- Dataset records:
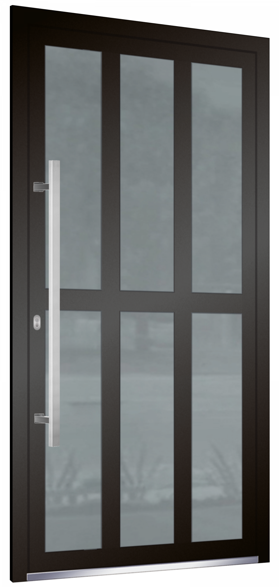 GlassThermo 75 is fitted as standard with a key-operated 3-point GU MR2 slat lock (3 keys as standard) with a BKS cylinder with clutch function. On the internal side, a handle and escutcheon on two stainless steel escutcheons are used. The door is set on three double-leaf hinges with a 3-level adjustment function lacquered in the same colour as the frame. Two types of handles in different lengths and 6 handles in different colours are available.
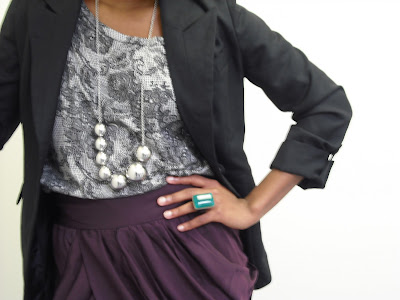 Got the ring in Soho (2 finger wire ring with stone on top), Necklace from Vintage Thrift and torquoise wire earrings at a stand in Soho as well. See more pics here of this outfit!
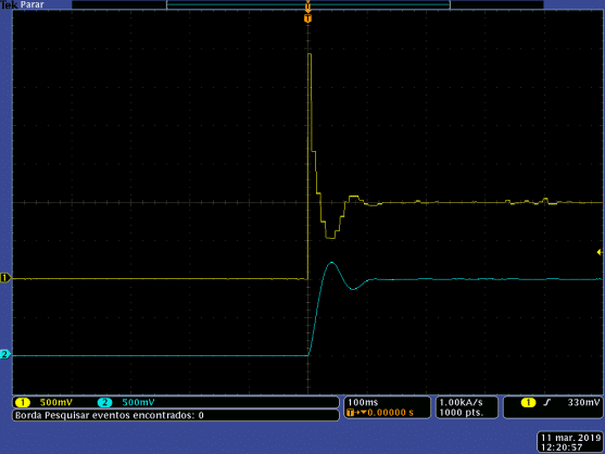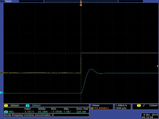 Em azul, está representado o sinal de saída, ou tensão no capacitor, de acordo com a Figura 1 e em amarelo o sinal de controle, ou sinal de entrada, tensão X, na Figura 1. A resposta real desse controlador é apresentada na Figura 7 a seguir:
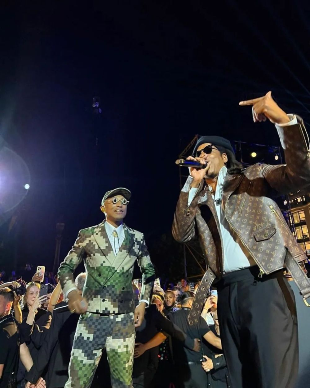 演出中还上身了一件 Louis Vuitton 满印老花皮衣,价格在 ¥5w - ¥6w 之间,但仔细看你会发现在这件衣服的腰间写有 JAY-Z 字样......
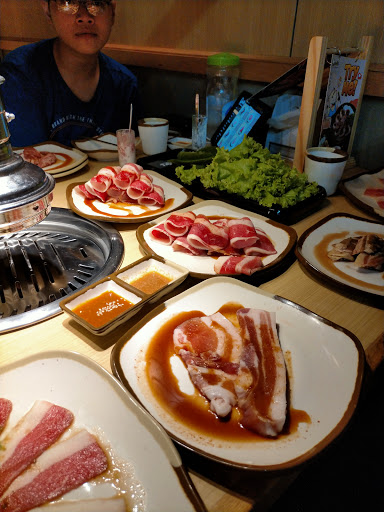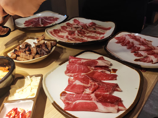 Buffet ở đây giá 399k/người tối trong tuần. Gọi món trên tablet khá cồng kềnh vất vả vì những bạn nhân viễn không hướng dẫn kĩ để ko gọi sang phần tốn thêm phí. Thần kinh phải siêu ổn định mới ăn được ở đây vì nhạc dội vô tai rất ồn ào, sức ép từ mùi khói nồng nặc toả ra từ khay nướng cũng là vấn đề khiến bạn phải gồng gánh trước khi thưởng thức món thịt ướp sốt khá đậm đà, tuy nhiên đông lạnh chứ không phải thịt tươi.
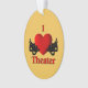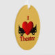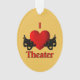 Teatro I Heart con máscaras de comedia y tragedia a ambos lados del gran corazón rojo.
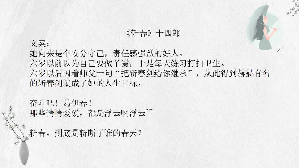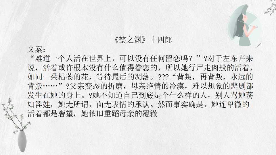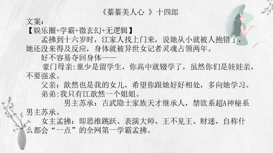 十四郎,觉得十四郎的名字听起来像男生,披着十四十四的号写了琉璃和跑江湖两篇文。她的小说多以古言仙侠为主,剧情流畅,文笔清新,人物饱满。早期还有个马甲号“半袖红雪”,这个马甲下的文大家自己搜吧。她的小说,除了寥寥无几的两篇现代文,其余作品都是古言仙侠,喜欢此类文的小伙伴不要错过。
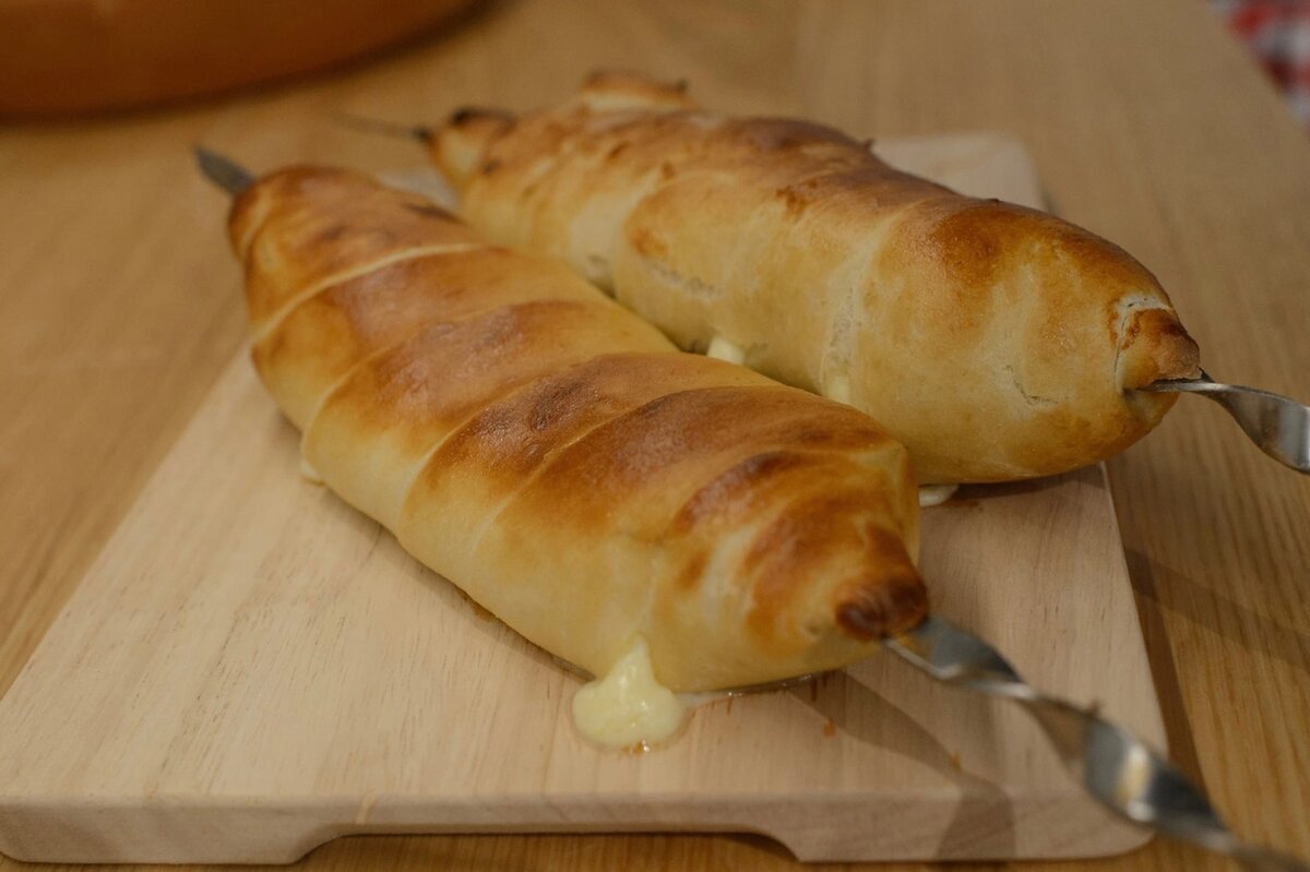 Теперь пришло время подготовить сыр. Нарежьте сулугуни на крупные брусочки и аккуратно насадите каждый на шампур. Важно плотненько завернуть сыр в тесто, чтобы он не вытекал в процессе приготовления. Концы теста следует тщательно закрепить.
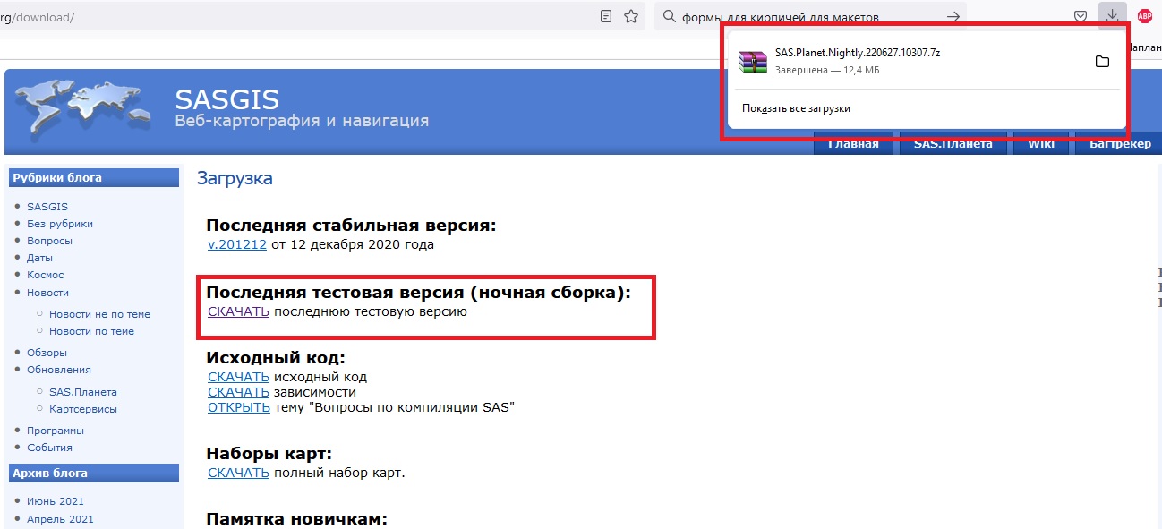 Со страницы загрузки sasgis.org/download/ ссылка на SAS.Planet.Nightly.220627.10307.7z - не работает
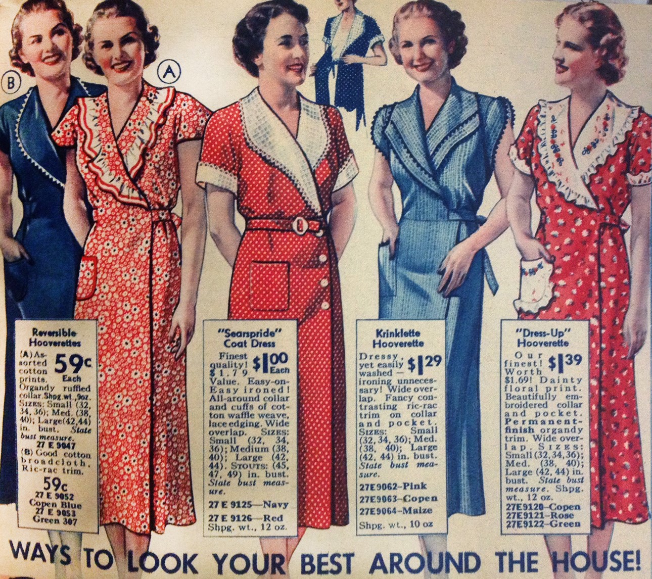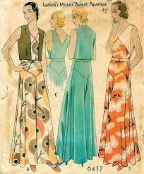 When not out on the town, women of the 1930s wore cotton floral house dresses at home and had begun to wear pants for sporting occasions. The popular beach pajama look of extra wide-legged soft jersey pants with attached or matching loose-fitting tops was extremely popular.

- What to produce:
In transcribing the records, omit the pictures and keep everything else exactly as it appears.

- Written solution:
 GlassThermo 75 is fitted as standard with a key-operated 3-point GU MR2 slat lock (3 keys as standard) with a BKS cylinder with clutch function. On the internal side, a handle and escutcheon on two stainless steel escutcheons are used. The door is set on three double-leaf hinges with a 3-level adjustment function lacquered in the same colour as the frame. Two types of handles in different lengths and 6 handles in different colours are available.
 Got the ring in Soho (2 finger wire ring with stone on top), Necklace from Vintage Thrift and torquoise wire earrings at a stand in Soho as well. See more pics here of this outfit!
 Em azul, está representado o sinal de saída, ou tensão no capacitor, de acordo com a Figura 1 e em amarelo o sinal de controle, ou sinal de entrada, tensão X, na Figura 1. A resposta real desse controlador é apresentada na Figura 7 a seguir:
 演出中还上身了一件 Louis Vuitton 满印老花皮衣,价格在 ¥5w - ¥6w 之间,但仔细看你会发现在这件衣服的腰间写有 JAY-Z 字样......
 Buffet ở đây giá 399k/người tối trong tuần. Gọi món trên tablet khá cồng kềnh vất vả vì những bạn nhân viễn không hướng dẫn kĩ để ko gọi sang phần tốn thêm phí. Thần kinh phải siêu ổn định mới ăn được ở đây vì nhạc dội vô tai rất ồn ào, sức ép từ mùi khói nồng nặc toả ra từ khay nướng cũng là vấn đề khiến bạn phải gồng gánh trước khi thưởng thức món thịt ướp sốt khá đậm đà, tuy nhiên đông lạnh chứ không phải thịt tươi.
 Teatro I Heart con máscaras de comedia y tragedia a ambos lados del gran corazón rojo.
 十四郎,觉得十四郎的名字听起来像男生,披着十四十四的号写了琉璃和跑江湖两篇文。她的小说多以古言仙侠为主,剧情流畅,文笔清新,人物饱满。早期还有个马甲号“半袖红雪”,这个马甲下的文大家自己搜吧。她的小说,除了寥寥无几的两篇现代文,其余作品都是古言仙侠,喜欢此类文的小伙伴不要错过。
 Теперь пришло время подготовить сыр. Нарежьте сулугуни на крупные брусочки и аккуратно насадите каждый на шампур. Важно плотненько завернуть сыр в тесто, чтобы он не вытекал в процессе приготовления. Концы теста следует тщательно закрепить.
 Со страницы загрузки sasgis.org/download/ ссылка на SAS.Planet.Nightly.220627.10307.7z - не работает
 When not out on the town, women of the 1930s wore cotton floral house dresses at home and had begun to wear pants for sporting occasions. The popular beach pajama look of extra wide-legged soft jersey pants with attached or matching loose-fitting tops was extremely popular.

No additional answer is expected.